Workflow - NoamKaplan/dna-triangulation GitHub Wiki
Note that this software was developed mainly as a proof-of-concept, not as a polished tool/pipeline. While this is expected to change in the future, currently it means some handholding is required.
There are 4 main programs: augmentation_chr_pred.py and augmentation_locus_pred.py can be used to predict the approximate genomic location of a contig in a pre-existing scaffold (we call this "genome augmentation"). karyotype.py and scaffold_chr.py can be used to construct approximate scaffolds given a set of contigs (we call this "de novo scaffolding"). Note that we use the term "contig" loosely in the sense that it is applicable also to scaffolds.
De novo scaffolding
- The first step is to assemble an initial set of contigs or scaffolds using any available assembly software.
- Next, one must map the Hi-C data to the contigs using any available Hi-C mapping/correction pipeline.
- Most Hi-C pipelines bin the data to create an interaction matrix at a given resolution, e.g 40kb. The size of the bin should be determined by the Hi-C resolution and genomic coverage. Binning is also required by the DNA Triangulation software since contigs are assumed to be of equal sizes (this may be changed in the future). There are actually a number of advantages to binning contigs, as explained later.

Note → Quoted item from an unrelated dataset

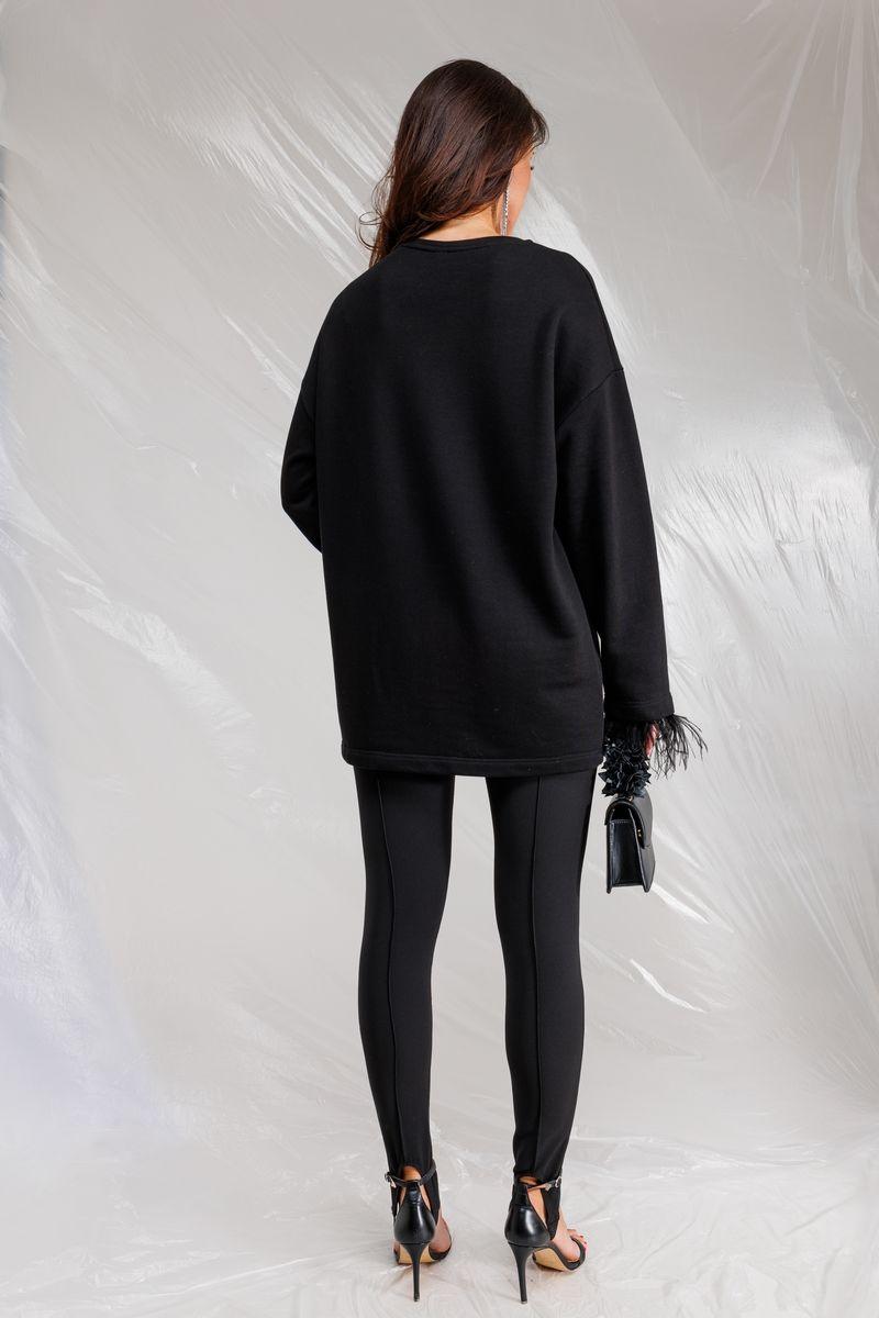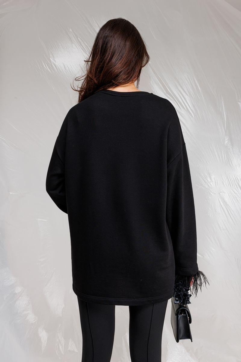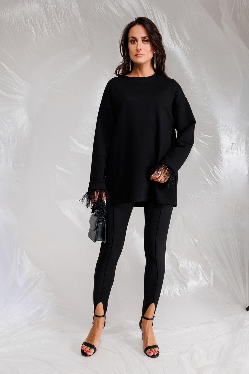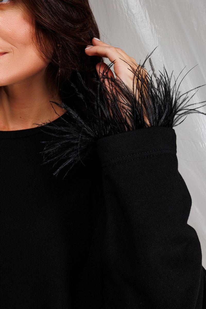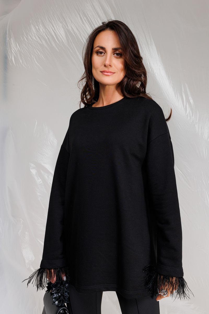 Стильный лонгслив с перьями на рукавах. Линия плеча спущенная. Перья сьемные, для удобства в стирке, и смены образа. Самая универсальная вещь для вашего гардероба, его можно надеть на вечеринку или свидание, а сняв перья носить в повседневной жизни.

- Given the Hi-C interaction matrix, we now run karyotype.py in order to partition contigs into putative chromosomes. If the number of chromosomes is known, that may be used as input. Otherwise, the number of chromosomes can be estimated automatically by a form of bootstrapped clustering. It is important not to run this step blindly, especially if the number of chromosomes is not known. We recommend to look at the average clustering step length plot in order to better guess what a reasonable cluster number could be. For example, there may be a strong peak at 2-3 clusters but often we know that the number of chromosomes is larger and can rule out this possibility. The height and shape of the peak can also be used as a measure of confidence. In general, we suggest it is always better to overestimate the number of clusters in order to avoid false-positive merging of chromosomes. Another important point is to avoid a large leave-out (default is 20% leave-out) if there are likely to be small chromosomes.
- After the karyotyping step, each bin will be assigned to a cluster/chromosome number. Now we can use the fact that contigs can contain multiple bins in order to evaluate both the method and the quality of the contigs: we expect bins from the same contig to be assigned to the same cluster/chromosome. We can use this approach to choose an optimal bin size, as well as weed out problematic contigs and bins.
- Next, when we are happy with a set of contigs that we think belong to the same chromosome, we use these as input for scaffold_chr.py, resulting in an approximate position for each bin. Note that these positions are given in an arbitrary units. Once again, we can take advantage of the fact that we have multiple bins per contig in order to assess quality, get contig orientation, and in order to convert relative positions to absolute positions.
Once again, this software is under development and we hope to provide a more streamlined experience in the future.